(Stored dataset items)
Content starts

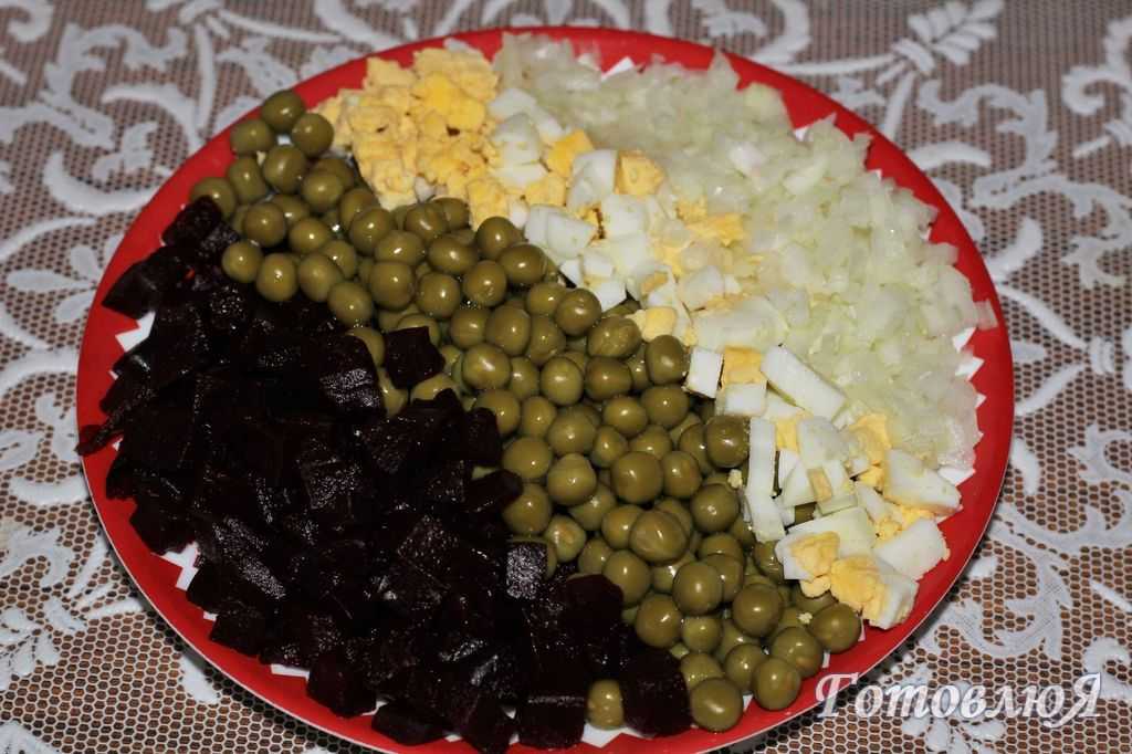 Всем знакомая свекла в данном салате становится «королевой бала», так как подчеркивает вкус сыра и других компонентов. Для салата также понадобится консервированный горошек, соленые огурцы и немного чеснока. Для заправки используется майонез, который при желании можно будет заменить на сметану или йогурт.
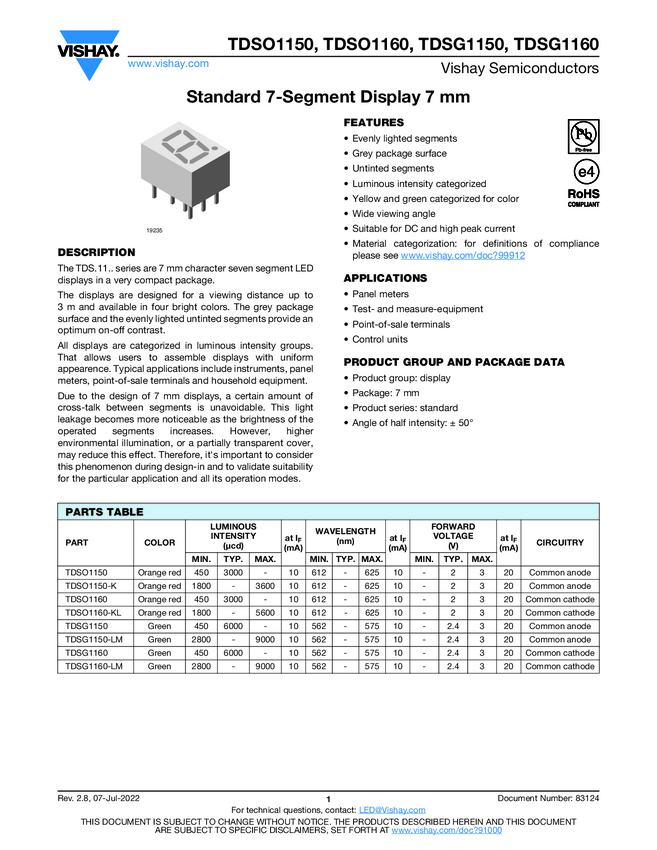 TDSG1160 Standard 7-Segment Display 7 mm
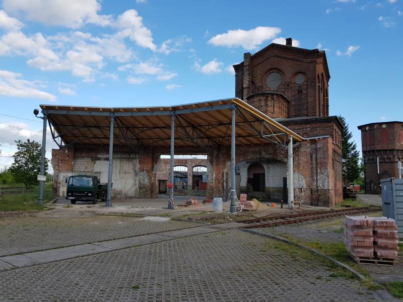 Ende der vergangenen Woche konnte die Dachsanierung des Fragmentes des Lokschuppens 1 abgeschlossen werden. Alle Gerüste sind nun abgebaut und auch alle Maurerarbeiten abgeschlossen. Langsam kann man sich die Dimensionen des ehemaligen Lokschuppens vorstellen, wenn man bedenkt, dass sich das nun gut erkennbare Dachstück in einem vollständigen Kreis fortsetzte und die Mitte dieses Kreises auch noch überdacht war.
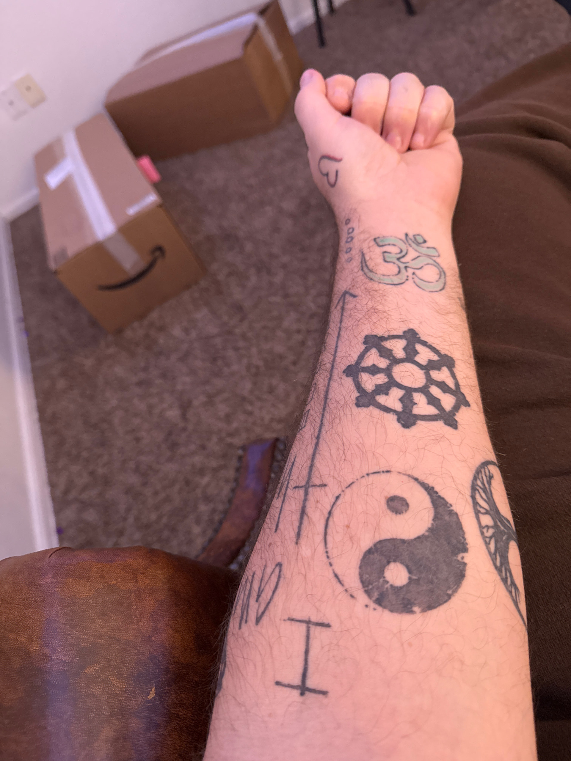 I understand it like this - reality, the path to understanding that reveals the true nature of reality. So reality is often looked at like the first symbol The taijitu is reality often looked at in dual forms but together is whole. There is more to it but that is like a summary. The 8 fold path starts with “right view.” Basically this is seeing reality without taking a single perceptive but any and all that can be applied. The right view follows the right intention and then the right speech. When these are applied to the experience the rest tend to follow without much effort. The AUM is like the end of the map not saying it’s the end of the seeking or understanding because this whole event of existence isn’t stopping. It’s always unfolding so think it as like a return to the beginning again…anyway….im sure plenty of people here are going to rip me apart for this but I have no concern of that I just ask they are respectful. I’m not telling anyone to follow my lead or you’re ignorant if you don’t behave what I’m saying. I’m just simply saying this is how i do it…that’s it. Also these aren’t the only “spiritually” associated images i have. I’ve got crosses, a lion with red yellow green (or green yellow red) color in the mane. I have some other Chinese and Japanese symbols… im not tied to anyone practice. I believe they all point to the same thing.
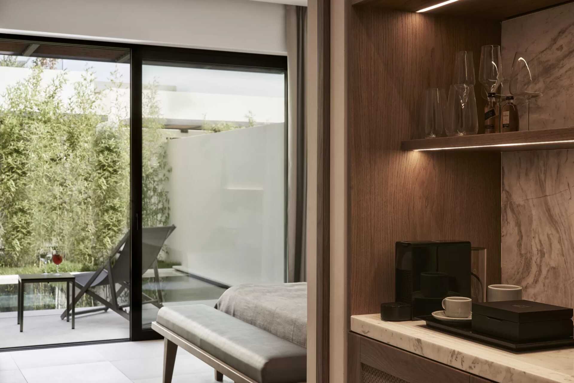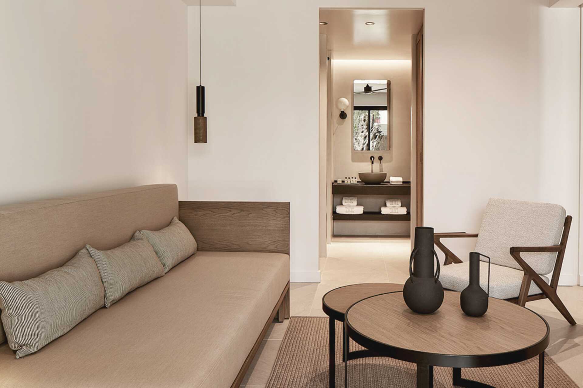 Junior-suite med privat pool Terrasse med to solstole, stole og bord samt udsigt over haven. En dobbeltseng. Gratis wifi, aircondition og deponering. Køleskab. El-kedel og kaffe/te. Nespresso kaffemaskine. Tv med internationale kanaler. Strygejern og strygebræt. Hårtørrer. Glattejern. Badekåber og tøfler. Badeværelse med bruser og toilet. Rengøring 7 gange om ugen.

Content ends

Exclude the pictures and give back the rest of the data above exactly as written.

Problem solution:
 Всем знакомая свекла в данном салате становится «королевой бала», так как подчеркивает вкус сыра и других компонентов. Для салата также понадобится консервированный горошек, соленые огурцы и немного чеснока. Для заправки используется майонез, который при желании можно будет заменить на сметану или йогурт.
 TDSG1160 Standard 7-Segment Display 7 mm
 Ende der vergangenen Woche konnte die Dachsanierung des Fragmentes des Lokschuppens 1 abgeschlossen werden. Alle Gerüste sind nun abgebaut und auch alle Maurerarbeiten abgeschlossen. Langsam kann man sich die Dimensionen des ehemaligen Lokschuppens vorstellen, wenn man bedenkt, dass sich das nun gut erkennbare Dachstück in einem vollständigen Kreis fortsetzte und die Mitte dieses Kreises auch noch überdacht war.
 I understand it like this - reality, the path to understanding that reveals the true nature of reality. So reality is often looked at like the first symbol The taijitu is reality often looked at in dual forms but together is whole. There is more to it but that is like a summary. The 8 fold path starts with “right view.” Basically this is seeing reality without taking a single perceptive but any and all that can be applied. The right view follows the right intention and then the right speech. When these are applied to the experience the rest tend to follow without much effort. The AUM is like the end of the map not saying it’s the end of the seeking or understanding because this whole event of existence isn’t stopping. It’s always unfolding so think it as like a return to the beginning again…anyway….im sure plenty of people here are going to rip me apart for this but I have no concern of that I just ask they are respectful. I’m not telling anyone to follow my lead or you’re ignorant if you don’t behave what I’m saying. I’m just simply saying this is how i do it…that’s it. Also these aren’t the only “spiritually” associated images i have. I’ve got crosses, a lion with red yellow green (or green yellow red) color in the mane. I have some other Chinese and Japanese symbols… im not tied to anyone practice. I believe they all point to the same thing.
 Junior-suite med privat pool Terrasse med to solstole, stole og bord samt udsigt over haven. En dobbeltseng. Gratis wifi, aircondition og deponering. Køleskab. El-kedel og kaffe/te. Nespresso kaffemaskine. Tv med internationale kanaler. Strygejern og strygebræt. Hårtørrer. Glattejern. Badekåber og tøfler. Badeværelse med bruser og toilet. Rengøring 7 gange om ugen.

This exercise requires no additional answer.